## WHAT TO PRODUCE:
Begin at the line containing "UNIVERSAL REAR STAND" in the entries below and end at the line containing "Для десятиклассников же"; transcribe that range exactly and nothing outside it.

[Records drawn from a dataset]

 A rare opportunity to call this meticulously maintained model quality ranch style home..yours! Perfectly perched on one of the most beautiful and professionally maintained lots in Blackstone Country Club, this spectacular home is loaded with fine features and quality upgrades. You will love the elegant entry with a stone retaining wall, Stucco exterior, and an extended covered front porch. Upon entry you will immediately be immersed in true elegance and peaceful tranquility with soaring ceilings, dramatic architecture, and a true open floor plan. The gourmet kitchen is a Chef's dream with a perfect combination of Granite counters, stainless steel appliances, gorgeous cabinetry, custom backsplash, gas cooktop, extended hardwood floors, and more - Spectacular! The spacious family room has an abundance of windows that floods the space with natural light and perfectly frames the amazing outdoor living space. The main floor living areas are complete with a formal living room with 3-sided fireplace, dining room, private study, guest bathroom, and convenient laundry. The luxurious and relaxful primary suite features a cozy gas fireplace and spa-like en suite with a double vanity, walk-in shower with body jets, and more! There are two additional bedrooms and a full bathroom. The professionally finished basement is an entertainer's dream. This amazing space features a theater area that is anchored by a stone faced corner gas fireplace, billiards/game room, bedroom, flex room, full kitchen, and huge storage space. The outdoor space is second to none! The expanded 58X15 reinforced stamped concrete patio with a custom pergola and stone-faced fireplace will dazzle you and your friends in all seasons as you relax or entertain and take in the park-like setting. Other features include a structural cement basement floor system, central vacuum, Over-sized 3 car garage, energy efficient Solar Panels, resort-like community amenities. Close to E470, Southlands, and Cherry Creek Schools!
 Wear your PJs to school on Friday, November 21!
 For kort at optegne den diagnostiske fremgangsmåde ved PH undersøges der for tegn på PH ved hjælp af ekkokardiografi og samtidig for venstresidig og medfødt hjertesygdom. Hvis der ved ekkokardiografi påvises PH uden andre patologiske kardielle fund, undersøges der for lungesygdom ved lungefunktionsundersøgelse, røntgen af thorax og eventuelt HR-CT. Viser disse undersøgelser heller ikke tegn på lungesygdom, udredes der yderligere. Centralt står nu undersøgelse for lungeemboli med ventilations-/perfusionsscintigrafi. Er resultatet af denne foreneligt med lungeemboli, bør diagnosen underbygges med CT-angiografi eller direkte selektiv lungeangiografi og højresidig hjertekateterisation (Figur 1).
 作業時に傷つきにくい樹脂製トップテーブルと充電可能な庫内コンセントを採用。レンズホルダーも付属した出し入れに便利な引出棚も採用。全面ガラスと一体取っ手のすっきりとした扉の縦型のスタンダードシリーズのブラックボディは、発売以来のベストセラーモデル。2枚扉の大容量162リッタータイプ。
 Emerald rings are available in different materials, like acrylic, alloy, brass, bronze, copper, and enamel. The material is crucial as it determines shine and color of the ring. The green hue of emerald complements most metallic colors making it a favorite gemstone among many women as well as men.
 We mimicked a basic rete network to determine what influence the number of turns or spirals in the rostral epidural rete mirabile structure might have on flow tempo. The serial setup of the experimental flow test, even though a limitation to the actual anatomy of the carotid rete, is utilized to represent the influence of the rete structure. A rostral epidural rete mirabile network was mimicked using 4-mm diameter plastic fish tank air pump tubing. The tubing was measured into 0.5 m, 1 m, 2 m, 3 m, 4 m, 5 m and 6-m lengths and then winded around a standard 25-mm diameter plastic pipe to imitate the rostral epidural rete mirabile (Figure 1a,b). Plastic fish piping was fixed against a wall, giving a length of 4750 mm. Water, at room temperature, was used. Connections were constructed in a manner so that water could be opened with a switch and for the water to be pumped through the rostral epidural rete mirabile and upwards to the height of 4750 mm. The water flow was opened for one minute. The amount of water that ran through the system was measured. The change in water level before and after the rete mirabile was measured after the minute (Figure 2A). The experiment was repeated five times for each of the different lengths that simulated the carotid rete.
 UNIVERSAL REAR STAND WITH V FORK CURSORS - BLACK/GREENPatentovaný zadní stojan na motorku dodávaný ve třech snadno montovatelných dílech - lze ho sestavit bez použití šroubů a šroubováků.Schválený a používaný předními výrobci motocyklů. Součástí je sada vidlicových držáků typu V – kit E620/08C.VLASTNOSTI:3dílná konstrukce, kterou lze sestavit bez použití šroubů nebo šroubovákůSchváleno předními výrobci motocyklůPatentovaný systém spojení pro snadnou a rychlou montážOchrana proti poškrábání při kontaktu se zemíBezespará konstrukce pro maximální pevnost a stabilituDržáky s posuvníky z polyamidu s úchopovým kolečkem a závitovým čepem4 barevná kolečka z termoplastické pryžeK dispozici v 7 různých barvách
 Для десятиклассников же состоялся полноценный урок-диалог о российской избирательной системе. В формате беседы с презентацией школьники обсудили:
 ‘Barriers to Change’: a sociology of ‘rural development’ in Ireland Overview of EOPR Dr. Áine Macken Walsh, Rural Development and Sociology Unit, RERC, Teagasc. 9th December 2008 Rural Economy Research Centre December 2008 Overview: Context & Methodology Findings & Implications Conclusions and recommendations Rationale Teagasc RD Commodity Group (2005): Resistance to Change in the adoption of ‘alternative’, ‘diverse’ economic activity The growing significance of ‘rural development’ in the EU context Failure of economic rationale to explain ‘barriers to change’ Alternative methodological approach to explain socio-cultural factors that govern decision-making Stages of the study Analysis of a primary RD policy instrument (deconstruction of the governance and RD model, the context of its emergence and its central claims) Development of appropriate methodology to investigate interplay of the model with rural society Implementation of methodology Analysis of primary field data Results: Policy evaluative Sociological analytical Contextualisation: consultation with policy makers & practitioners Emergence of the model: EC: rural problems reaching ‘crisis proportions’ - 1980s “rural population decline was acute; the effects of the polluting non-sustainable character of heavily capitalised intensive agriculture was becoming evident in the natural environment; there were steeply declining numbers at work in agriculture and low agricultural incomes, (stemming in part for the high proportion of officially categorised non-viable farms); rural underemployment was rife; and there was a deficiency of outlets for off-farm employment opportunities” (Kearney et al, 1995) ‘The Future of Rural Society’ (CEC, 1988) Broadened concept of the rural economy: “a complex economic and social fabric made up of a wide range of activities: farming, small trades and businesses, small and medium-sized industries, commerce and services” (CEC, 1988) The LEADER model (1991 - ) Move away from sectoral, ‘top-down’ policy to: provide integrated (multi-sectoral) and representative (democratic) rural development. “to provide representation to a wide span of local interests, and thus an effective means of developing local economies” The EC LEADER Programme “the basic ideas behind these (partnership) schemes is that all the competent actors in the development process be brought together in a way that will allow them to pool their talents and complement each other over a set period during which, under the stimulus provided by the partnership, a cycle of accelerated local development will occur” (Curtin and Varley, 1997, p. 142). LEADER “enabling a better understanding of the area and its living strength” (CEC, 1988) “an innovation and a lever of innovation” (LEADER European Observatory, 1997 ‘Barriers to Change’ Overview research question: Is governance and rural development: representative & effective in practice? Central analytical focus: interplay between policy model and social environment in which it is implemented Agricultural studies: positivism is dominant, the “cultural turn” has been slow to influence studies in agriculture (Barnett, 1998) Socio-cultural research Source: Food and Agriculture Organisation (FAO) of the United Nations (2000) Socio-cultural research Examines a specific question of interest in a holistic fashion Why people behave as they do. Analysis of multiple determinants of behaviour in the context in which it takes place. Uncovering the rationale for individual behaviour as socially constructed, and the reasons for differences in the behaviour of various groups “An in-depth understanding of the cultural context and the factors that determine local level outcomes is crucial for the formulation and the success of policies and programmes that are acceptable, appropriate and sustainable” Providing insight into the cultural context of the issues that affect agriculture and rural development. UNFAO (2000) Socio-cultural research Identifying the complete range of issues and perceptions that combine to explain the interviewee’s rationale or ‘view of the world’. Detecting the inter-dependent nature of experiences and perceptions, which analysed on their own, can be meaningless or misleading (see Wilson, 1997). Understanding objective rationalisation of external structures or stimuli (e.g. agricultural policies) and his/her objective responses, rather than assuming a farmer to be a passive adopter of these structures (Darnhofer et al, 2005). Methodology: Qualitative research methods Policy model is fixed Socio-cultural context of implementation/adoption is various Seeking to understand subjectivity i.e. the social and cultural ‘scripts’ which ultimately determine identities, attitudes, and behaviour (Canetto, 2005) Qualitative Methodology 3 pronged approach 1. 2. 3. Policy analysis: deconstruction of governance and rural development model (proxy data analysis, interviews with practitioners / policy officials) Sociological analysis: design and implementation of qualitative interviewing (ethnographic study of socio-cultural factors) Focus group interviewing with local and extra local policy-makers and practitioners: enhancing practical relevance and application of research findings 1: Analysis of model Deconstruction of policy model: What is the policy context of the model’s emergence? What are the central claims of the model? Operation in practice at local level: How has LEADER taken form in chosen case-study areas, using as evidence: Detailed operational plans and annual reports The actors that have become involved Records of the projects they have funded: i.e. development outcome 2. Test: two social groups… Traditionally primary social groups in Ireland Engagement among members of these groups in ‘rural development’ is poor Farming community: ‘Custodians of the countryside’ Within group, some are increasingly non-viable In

## YOUR SOLUTION:
 UNIVERSAL REAR STAND WITH V FORK CURSORS - BLACK/GREENPatentovaný zadní stojan na motorku dodávaný ve třech snadno montovatelných dílech - lze ho sestavit bez použití šroubů a šroubováků.Schválený a používaný předními výrobci motocyklů. Součástí je sada vidlicových držáků typu V – kit E620/08C.VLASTNOSTI:3dílná konstrukce, kterou lze sestavit bez použití šroubů nebo šroubovákůSchváleno předními výrobci motocyklůPatentovaný systém spojení pro snadnou a rychlou montážOchrana proti poškrábání při kontaktu se zemíBezespará konstrukce pro maximální pevnost a stabilituDržáky s posuvníky z polyamidu s úchopovým kolečkem a závitovým čepem4 barevná kolečka z termoplastické pryžeK dispozici v 7 různých barvách
 Для десятиклассников же состоялся полноценный урок-диалог о российской избирательной системе. В формате беседы с презентацией школьники обсудили:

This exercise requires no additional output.